All members of the MPC unanimously voted to reduce the policy repo rate
MPC said that inflation is currently projected to remain within the target over a 12-month ahead horizon
The Reserve Bank of India’s (RBI) monetary policy committee (MPC) on Wednesday lowered its repo rate by an unconventional 35 basis points to 5.4%. This is the fourth reduction in a row of its key policy rate since Shaktikanta Das took over as the governor of the central bank in December last year.
All members of the MPC unanimously voted to reduce the policy repo rate and to maintain the accommodative stance of monetary policy. Four members — Ravindra H. Dholakia, Michael Debabrata Patra, Bibhu Prasad Kanungo and Shaktikanta Das — voted to reduce the policy repo rate by 35 basis points, while two members — Chetan Ghate and Pami Dua — voted to reduce the policy repo rate by 25 basis points.
The path of CPI inflation is now projected at 3.1% for the second quarter of FY20 and 3.5-3.7% for second half of FY20, with risks evenly balanced. Consumer price index (CPI) inflation for the first quarter of FY21 is projected at 3.6%. The MPC also revised downwards GDP growth for FY20 from 7% in the June policy to 6.9% in August in the range of 5.8-6.6% for the first half of FY20 and 7.3-7.5% for the second half–with risks somewhat tilted to the downside.
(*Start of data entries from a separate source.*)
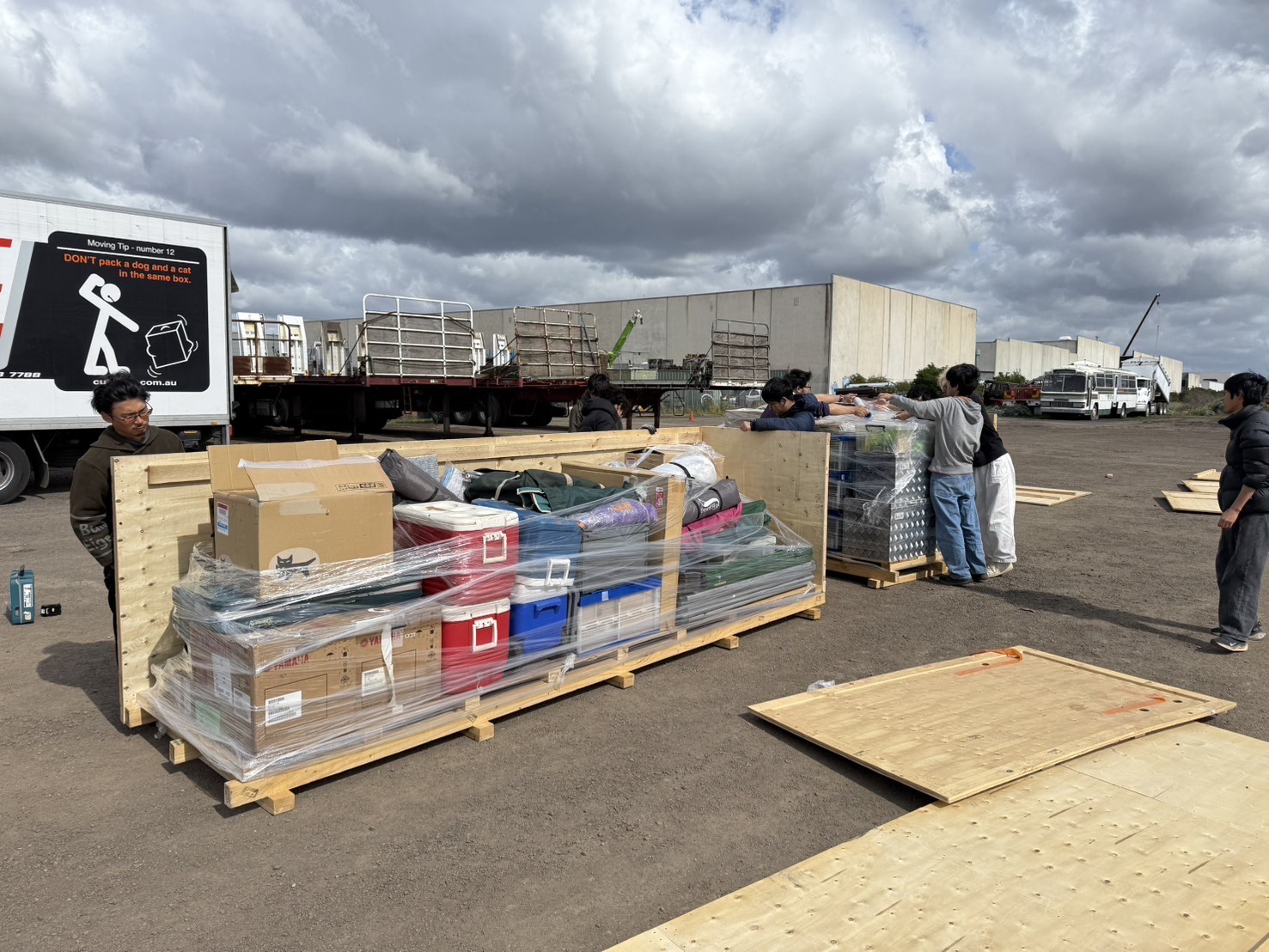 今日は、帰国に向けて、日本へ再輸送する貨物の整理をおこないました。 日本から持ってきた荷物の他にも、オーストラリアで購入した工具や調理具などもあり、輸送会社へ正確なパッキングリストを提出するために物品のナンバリングなどをおこないました。 また、学生たちは空いた時間を利用して、スーパーマーケットやショッピングモール街へ出かけ、アデレードの商業文化に触れながらレース後の休息を取っていました。 - 2025年8月31日
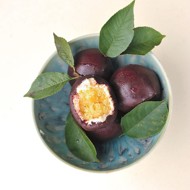 Melt 150 grams of butter to 97°F. Using a blender, create an emulsion with the yolk, 120 grams of passion fruit puree, and 90 grams of sugar.
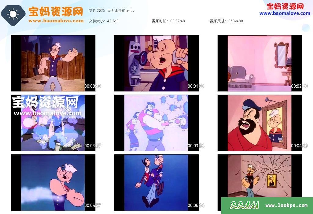 天天资源网收录的动画片《大力水手 Popeye》,全部50集,国英双语发音,无字幕;每集大小40M,资源总大小2.16G,单集播放时长约7~13分钟,480P标清MKV格式,可以在电视机或电脑、平板、IPAD、早教机、手机等各种设备播放,提供百度云网盘下载。
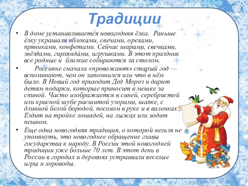 Еще одна новогодняя традиция, о которой нельзя не упомянуть, это новогоднее обращение главы государства к народу. В России этой новогодней традиции уже больше 70 лет. В этот день в России в городах и деревнях устраивали веселые игры и хороводы.
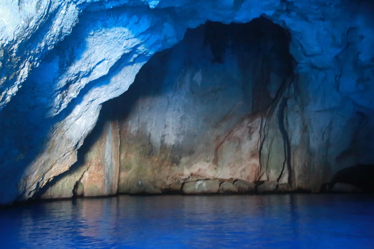 Mavi Mağara'nın doğal yapısı, göz alıcı bir atmosfer sunarak ziyaretçilerine eşsiz bir deneyim yaşatıyor. Bu açıdan mavi tonlarıyla aydınlatılmış mağara ve huzur dolu su yüzeyi görülüyor - Antalya'nın bu doğal harikası, huzur arayanların adresi!
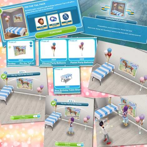 Preteens can play pin the tail on the donkey for 4 minutes 30 seconds while other sims cheer them on!

GDP growth for the first quarter of FY21 is projected at 7.4%.
The MPC said that inflation is currently projected to remain within the target over a 12-month ahead horizon.
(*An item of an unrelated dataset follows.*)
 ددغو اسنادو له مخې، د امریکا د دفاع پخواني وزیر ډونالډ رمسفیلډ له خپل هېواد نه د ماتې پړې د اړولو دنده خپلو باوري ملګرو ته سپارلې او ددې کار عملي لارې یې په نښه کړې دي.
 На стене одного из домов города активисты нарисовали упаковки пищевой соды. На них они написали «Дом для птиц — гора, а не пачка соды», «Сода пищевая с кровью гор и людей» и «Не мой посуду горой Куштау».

“Since the last policy, domestic economic activity continues to be weak, with the global slowdown and escalating trade tensions posing downside risks. Private consumption, the mainstay of aggregate demand, and investment activity remain sluggish," it said.
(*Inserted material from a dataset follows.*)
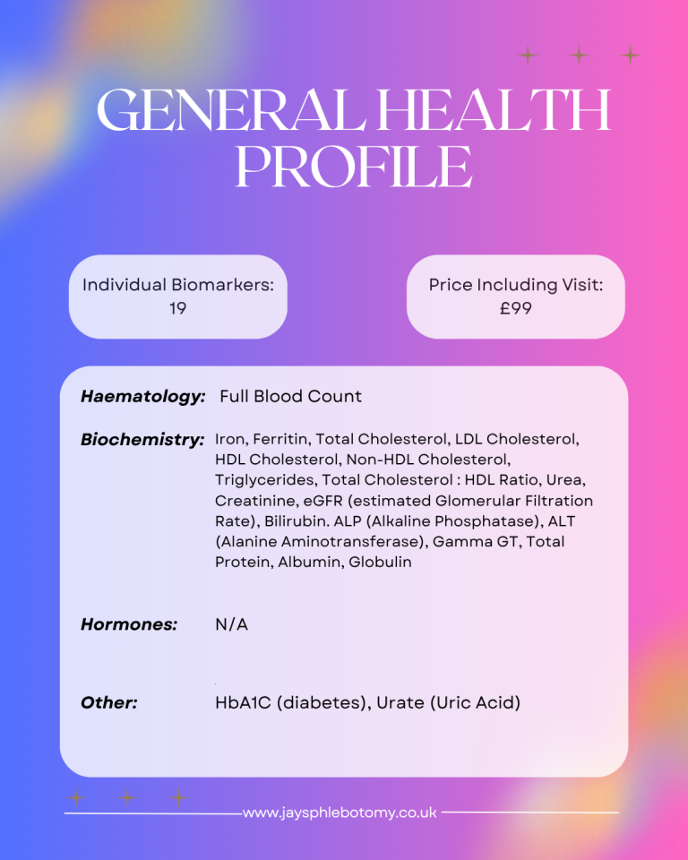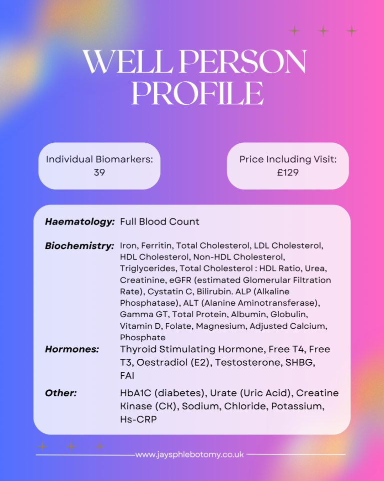 All Blood Test Packages Available At Jay's Phlebotomy in Lincolnshire
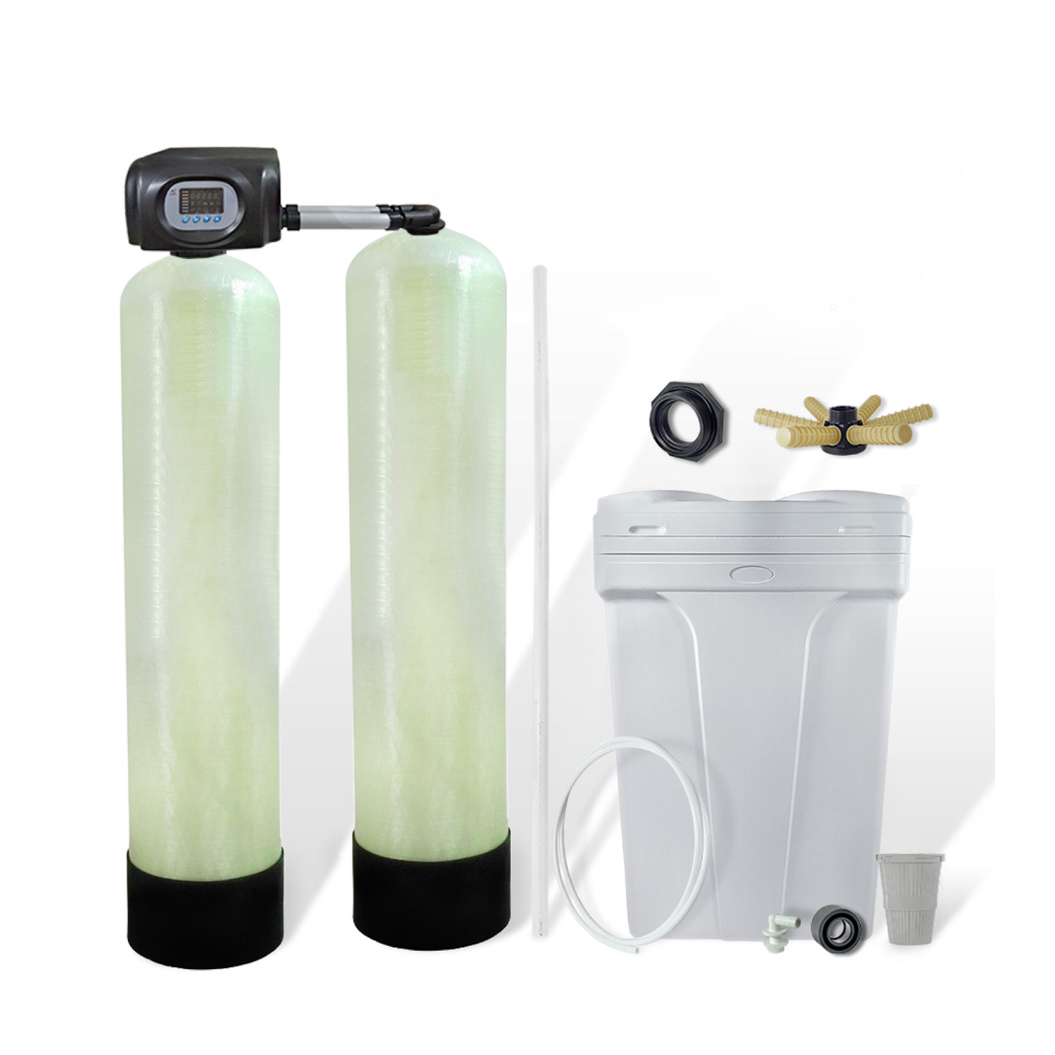 DUPLEX — состоит из двух корпусов, соединенных параллельно. В этой схеме постоянно фильтрует только одна часть установки. Вторая часть либо находится в регенерации, либо в режиме ожидания. Когда фильтрующий корпус истощается, то вторая вступает в работу. Эта система обеспечивает непрерывность умягчения воды с заданной производительностью.

The MPC added that even as past rate cuts are being gradually transmitted to the real economy, the benign inflation outlook provides headroom for policy action to close the negative output gap. Addressing growth concerns by boosting aggregate demand, especially private investment, assumes the highest priority at this juncture while remaining consistent with the inflation mandate, it said.
The central bank also said that liquidity in the system was in large surplus in June-July 2019 due to return of currency to the banking system; drawdown of excess cash reserve ratio (CRR) balances by banks; open market operation (OMO) purchase auctions; and RBI’s foreign exchange market operations.